Whooping cough outbreaks reported
Walworth County officials have confirmed 54 cases of whooping cough, or pertussis, and Dane County has reported close to 200 cases since March, said Pat Grove, Walworth County health officer.
Cases in Walworth County declined in April, but they appear to be ramping up again, Grove said.
Rock County officials have confirmed seven cases, including five in the last 1 1/2 weeks, said Janet Zoellner, Rock County public health nursing director.
"That will probably increase," Zoellner said.
The spike in cases confirmed in surrounding counties means it's likely to get worse in Rock County.

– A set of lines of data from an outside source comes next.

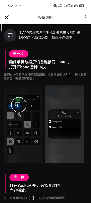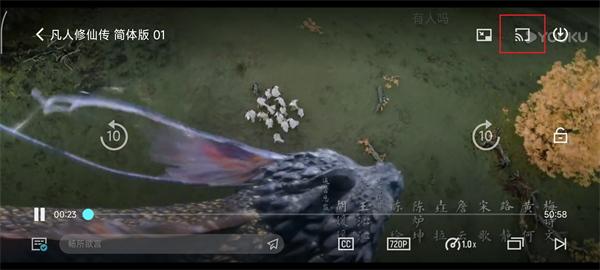 4、如需投屏,请点击屏幕顶部带有信号图标的按钮(需确保手机与投屏设备处于同一Wi-Fi网络)。
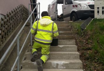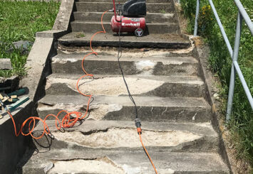 Treppenanlagen im Außenbereich sind ständig Witterungen und Streusalz ausgessetzt. Dadurch können im Laufe der Zeit schäden an Betontreppen enstehen.
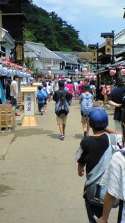 日光江戸村です。武士や忍者が歩いています。子ども達は、行動班で自由に見学しています。
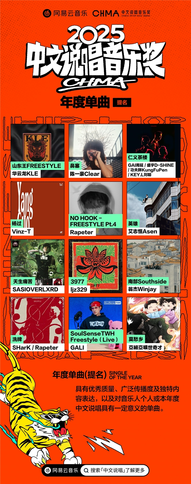 1月9日,网易云音乐2025中文说唱音乐奖提名名单正式发布。艾志恒Asen、陈一豪Clear、GAI周延、GALI、华云龙KLE、SHarK、泰格西、Vansdaddy、王齐铭、谢帝、张方钊等众多音乐人收获年度荣誉提名;陈娴静、Rapeter、Top Barry、翁杰Winjay等入围年度瞩目新星。获奖名单将于1月下旬正式揭晓。此外,所有入围作品已同步入选大众选择奖候选名单,乐迷可在网易云音乐APP搜索“中文说唱”,参与投票选出大众选择单曲及大众选择专辑。
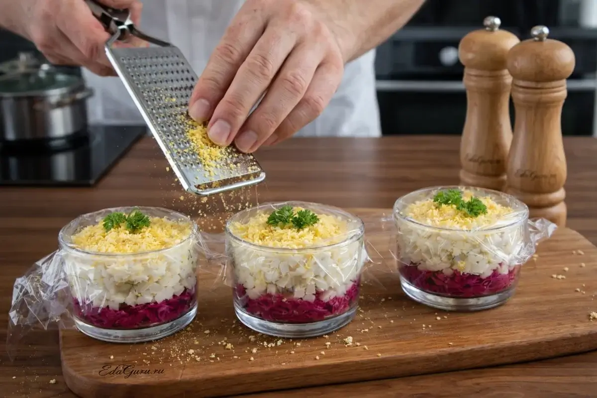 «Селедка под шубой» с яйцом — одна из самых узнаваемых закусок русской и советской кухни. Классическая основа салата — соленая сельдь, вареные овощи и майонез, уложенные слоями. Чаще всего используют картофель, морковь, свеклу и лук, а добавление вареного яйца делает вкус мягче и нежнее. Свекла придает блюду характерный цвет и сладковатый вкус, а сельдь создает яркий солоноватый контраст. Салат стал особенно популярным в советское время и прочно вошел в праздничное меню, особенно новогоднее. Несмотря на распространенную красивую легенду о происхождении блюда в дореволюционной трактирной среде, документально подтвержденных данных об этой версии нет. Зато точно известно, что «селедка под шубой» давно стала частью домашней кулинарной традиции и до сих пор остается одним из самых любимых слоеных салатов.

Statewide, almost 1,900 cases have been reported, compared to 158 a year ago.
People might think they are immune to whooping cough because they have been vaccinated, but that protection could waver with time, health officials said.

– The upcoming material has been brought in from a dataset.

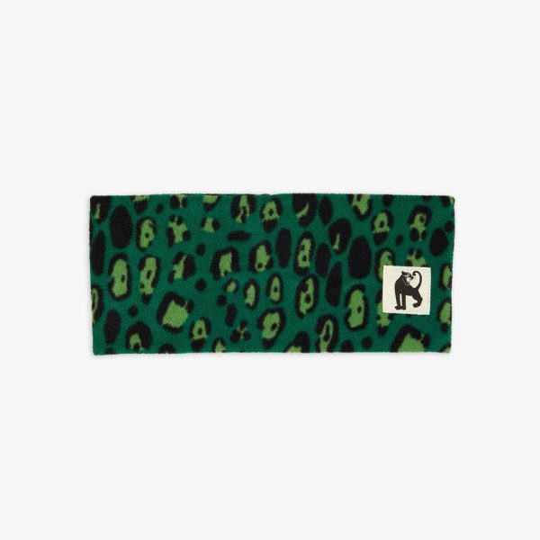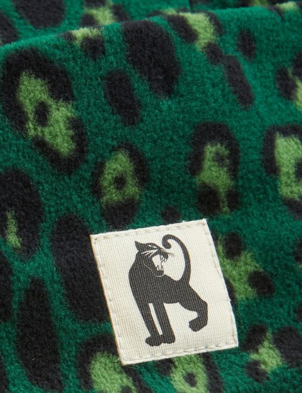 Green kids’ fleece tube with Leopard print made from 100 % recycled polyester.

Many of the new cases are caused when adults pass the infection to children.
Youth, especially infants, are most vulnerable. Children ages 5 through 14 made up more than 62 percent of the investigations in Walworth County, and the median age of those infected is 12, Grove said.
If pertussis is confirmed, all people in contact with the infected person typically are given antibiotics.

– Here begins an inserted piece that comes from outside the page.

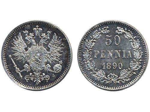 Coins, Finland. Alexander III, Bitkin 234, 50 penniä 1890. A beautiful specimen. 01/0. Coins, Finland. Alexander III, Bitkin 234, 50 penniä 1890. A beautiful specimen. 01/0. Visa mindre

Zoellner remembered a Rock County case that started with parents who did not vaccinate their children out of personal convictions. When one child developed whooping cough, 50 others had to be given antibiotics.
Antibiotics are not without their side effects. Overdoing them can cause loss of effectiveness, Zoellner said.
"It concerns me that in Dane, Walworth and Rock counties we have hundreds of people taking antibiotics to ward off pertussis when they could have prevented that by a vaccination," Zoellner said.
Zoellner and Grove urged residents to check if their vaccinations are up-to-date and to get revaccinated if necessary to protect themselves and others in the community. The vaccine is given in combination with the tetanus booster.
Hospitals are beginning to recommend that parents, grandparents and caregivers of young children get boosters before taking babies home.
Health departments are working with pediatricians, obstetricians and emergency room personnel to revaccinate patients who need boosters, Zoellner said.
Some people believe vaccinations are a personal choice, but Zoellner said everybody belongs to a community.
"You don't know who you're coughing on," Zoellner said. "You don't know who you're transferring that bacteria to."
WHAT IS PERTUSSIS?
Pertussis is a highly contagious bacterial disease that attacks the respiratory system and causes uncontrollable, violent coughing. The coughing makes it hard to breath, and a deep "whooping" sound is sometimes heard when the patient tries to take a breath in between coughs.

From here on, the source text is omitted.